**WHAT THE EXERCISE ASKS:** Verbatim copy, images omitted: return the full listing.

**STORED DATA:**
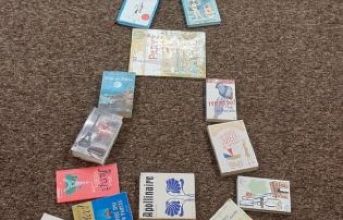 ksiażki o tematyce francuskiej ułożone na dywanie
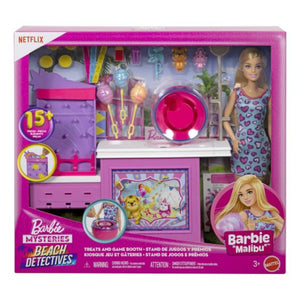 Bring the boardwalk to playtime with the Barbie Mysteries: Beach Detectives doll and game booth playset! Featuring over 20 accessories, kids can drop tokens into the game to win prizes like a pig, tiger, or pinwheel, then swirl up fun with the cotton candy machine. Barbie ‘Malibu’ doll is dressed for sunny adventures in a heart-print dress and white sneakers, ready to inspire beachside stories. Perfect for fans aged 3 years and up.
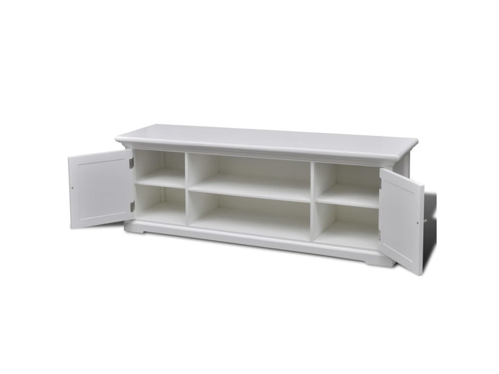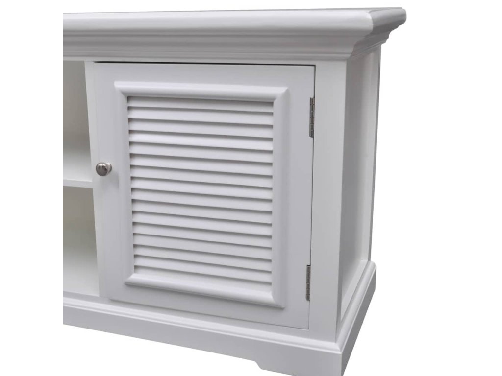 TV stolík je vyrobený z robustného MDF a borovicového dreva, a tak odoláva každodennému používaniu. Vďaka bielej povrchovej úprave sa dá ľahko očistiť navlhčenou handričkou.
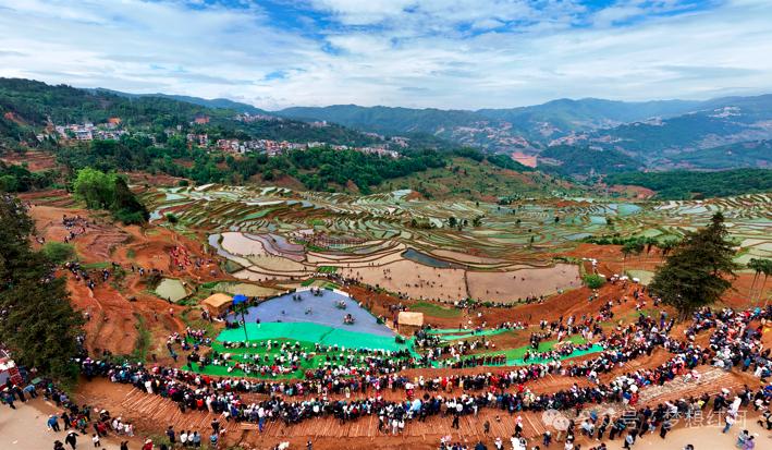 五月的红河县,哈尼梯田如翡翠镶嵌山间,层层叠翠间传来大号与牛角号的和鸣。5月1日至5日,云南民族团结进步大舞台暨红河县开秧门·仰阿娜文化系列活动在此启幕。这场以民族团结为媒,以非遗展演为魂、以田间劳作为脉的文化活动,在万亩梯田之上奏响了千年农耕文明的当代乐章。

**YOUR SOLUTION:**
 ksiażki o tematyce francuskiej ułożone na dywanie
 Bring the boardwalk to playtime with the Barbie Mysteries: Beach Detectives doll and game booth playset! Featuring over 20 accessories, kids can drop tokens into the game to win prizes like a pig, tiger, or pinwheel, then swirl up fun with the cotton candy machine. Barbie ‘Malibu’ doll is dressed for sunny adventures in a heart-print dress and white sneakers, ready to inspire beachside stories. Perfect for fans aged 3 years and up.
 TV stolík je vyrobený z robustného MDF a borovicového dreva, a tak odoláva každodennému používaniu. Vďaka bielej povrchovej úprave sa dá ľahko očistiť navlhčenou handričkou.
 五月的红河县,哈尼梯田如翡翠镶嵌山间,层层叠翠间传来大号与牛角号的和鸣。5月1日至5日,云南民族团结进步大舞台暨红河县开秧门·仰阿娜文化系列活动在此启幕。这场以民族团结为媒,以非遗展演为魂、以田间劳作为脉的文化活动,在万亩梯田之上奏响了千年农耕文明的当代乐章。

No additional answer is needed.